Но во всей этой роскоши, не знаю, как, но проглядывала бедность. Кое-где дыра, там и сям залатанная, много пятен, верёвка вместо кожи, шпильки вместо латунных упавших украшений, худые лошади, непослушные слуги — все выдавало небогатого подпанка. Еврей даже понял это, но не Ленчичанин, которых, захмелевший уже вдвойне — потерей кунтуша и взятым напитком — представлял, что встретился по меньшей мере с Радзивиллом или Острожским.
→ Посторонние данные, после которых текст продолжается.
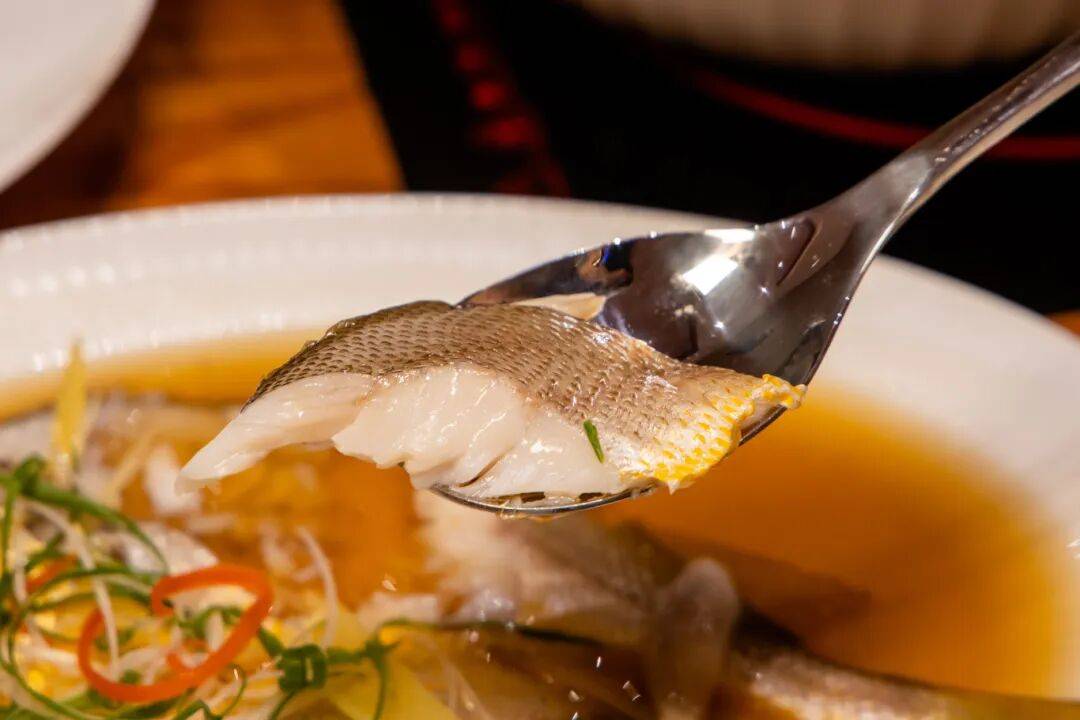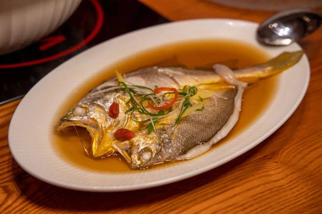 选用海钓海捕黄鱼,盐粒锁住鲜味,搭配姜葱、料酒清蒸。蒜瓣肉入口即化,咸鲜中透出大海的甘甜。看似简单的一道菜,却是对厨师的大考验,腌制、蒸的时间都要根据每条鱼而异,不然就是对食材的浪费。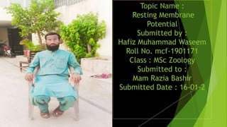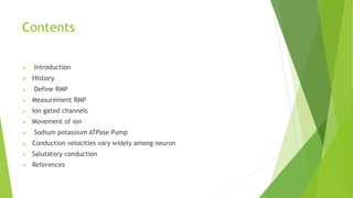 The document discusses resting membrane potential in neurons. It defines resting membrane potential as the difference in charge between the inside and outside of a neuron membrane when the neuron is not conducting an action potential. The inside of the membrane is negatively charged at -70mV due to differences in sodium, potassium, calcium, and protein ion concentrations across the membrane and the selective permeability of the membrane to different ions. Ion channels and the sodium-potassium ATPase pump help maintain the ion gradients and resting membrane potential. Factors like axon diameter and myelination affect how quickly impulses propagate along neurons.

Единственная более или менее приличная комнатка была занята шляхтичем и его седлом с узелками. Слуги Соломерецкого хотели его без особенных церемоний вышвырнуть, когда подошёл сам князь и, будучи в каком-то особенном настроении, назвав Ленчичанина паном братом, просил его остаться.
Шляхтич, румяный как яблоко, стоял с кружкой в руке у стены, такой довольный тем, что пан за него заступился, что дал бы себя порубить за незнакомца, хотя ничего не знал больше того, что это был князь. Он думал, как я говорил, что это Радзивилл или Острожский. Выпивка склоняла его к откровенности, обхождение — к сердечному излиянию, и на первые вопросы он начал ему весьмо обстоятельно всё рассказывать, хотя ему велели хранить тайну.
— Откуда вы возвращаетесь? Или куда едете?
— Я вам скажу, ваша светлость, — ответил шляхтич с радостной улыбкой, — это целая история, сказать по правде.
— Ну? И интересная?
— Сказать правду, как из книжки.
— Расскажите-ка мне это.
— Гм! Но это тайна, — воскликнул Ленчичанин, поднимая руку вверх. — Аркан, ваша светлость.
— Пожалуйста, — равнодушно вставил, садясь, Соломерецкий.
Шляхтич всё ещё стоял у стены со своей кружкой в руке.
— Ваша светлость, если вам интересно, и соизволите дать мне слово, что никому на свете не скажете…
— Ну, ну, никому. И что же?
— Sufficit. Было так. Я начинаю, сказать правду, сначала.
— Это безопасней всего, таким образом вернее всего доберёшься до конца. Что дальше?
— Святые слова, ваша светлость. Как вы это красиво сказали. Сто лет вашей светлости!